Peptides are highly susceptible to proteolysis in human serum and this feature has compromised the translation of many peptides into therapeutic compounds. SUPR mRNA display attempts to mitigate this drawback through macrocyclization and incorporation of N-methyl amino acids which have been shown to increase biological half-lives of peptides by orders of magnitude.28 We evaluated the protease stability of both cyclic and linear SUPR4B1W and as well as a variant where the N-methyl alanine residues is replaced with alanine (SUPR4B1W8A).
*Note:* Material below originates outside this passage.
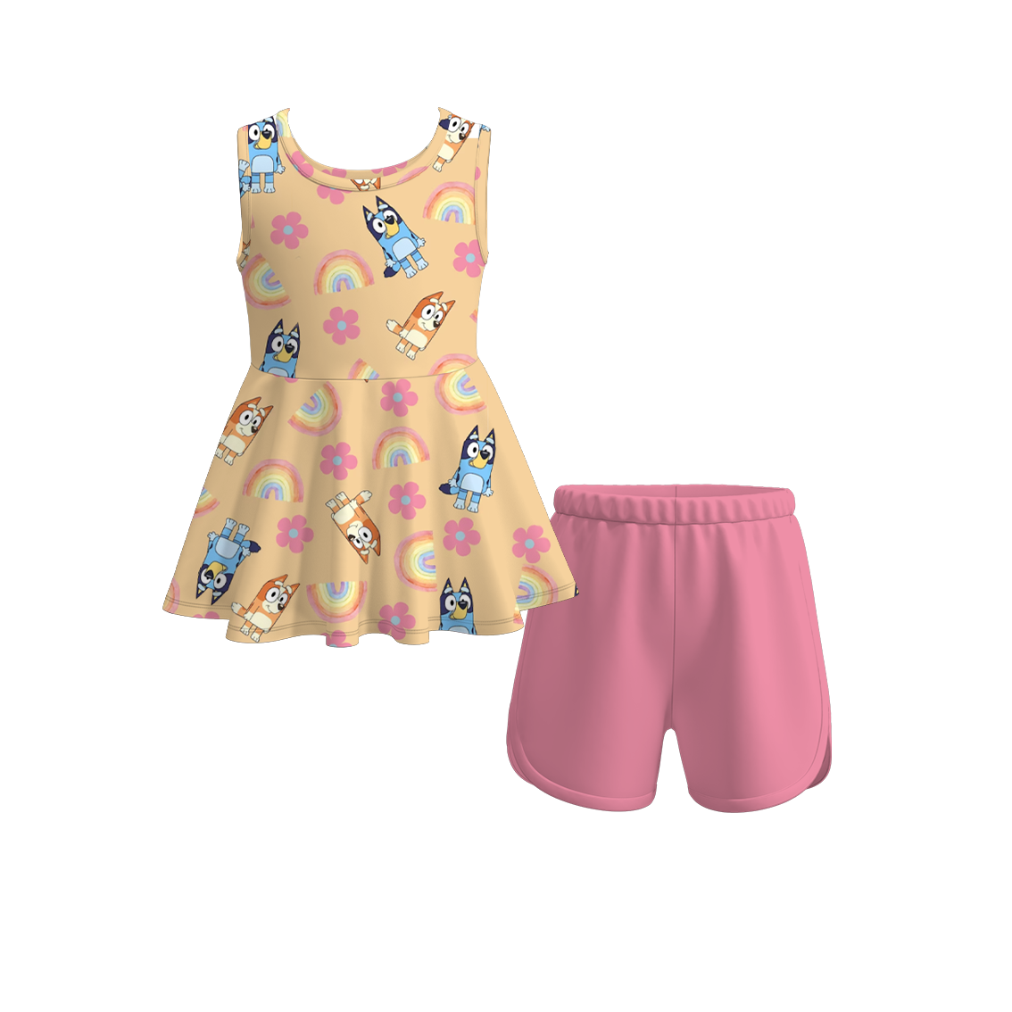 Baby Girls Dogs Rainbow Sleeveless Tunic Top Shorts Clothes Sets preorder (moq 5)

SUPR peptides were incubated for increasing time with agarose-immobilized proteinase-K and subjected to analysis by HPLC. SUPR4B1W was found to have a half-life in proteinase-K of 110 minutes, while the linearized version of the peptide was found to have a half-life of 57 minutes (Fig. 3A). Removing the N-methyl-l-alanine at position 8 dramatically increased susceptibility to proteolysis; SUPR4B1W8A was completely degraded within 60 minutes of incubation with proteinase-K (half-life ∼ 6 min). Based on these data, it appears that N-methyl-l-alanine is a major driver of protease stability, as substitution with l-alanine completely abrogates resistance to proteinase-K degradation. Previous SUPR mRNA display selections suggest that while incorporation of a single N-methyl amino acid moderately improves protease resistance, dramatic improvements in protease stability (i.e. order of magnitude) are driven by multiple tertiary amide linkages.28 Indeed, SUPR4B1W incorporates two residues with tertiary amide linkages: the N-methyl-l-alanine incorporated at position 8 and the proline at position 2. When considered alongside the fluorescence polarization binding data, the stability data suggests that incorporation of N-methyl-l-alanine was driven primarily by selection for protease resistance, not selection for binding affinity in the context of the macrocycle.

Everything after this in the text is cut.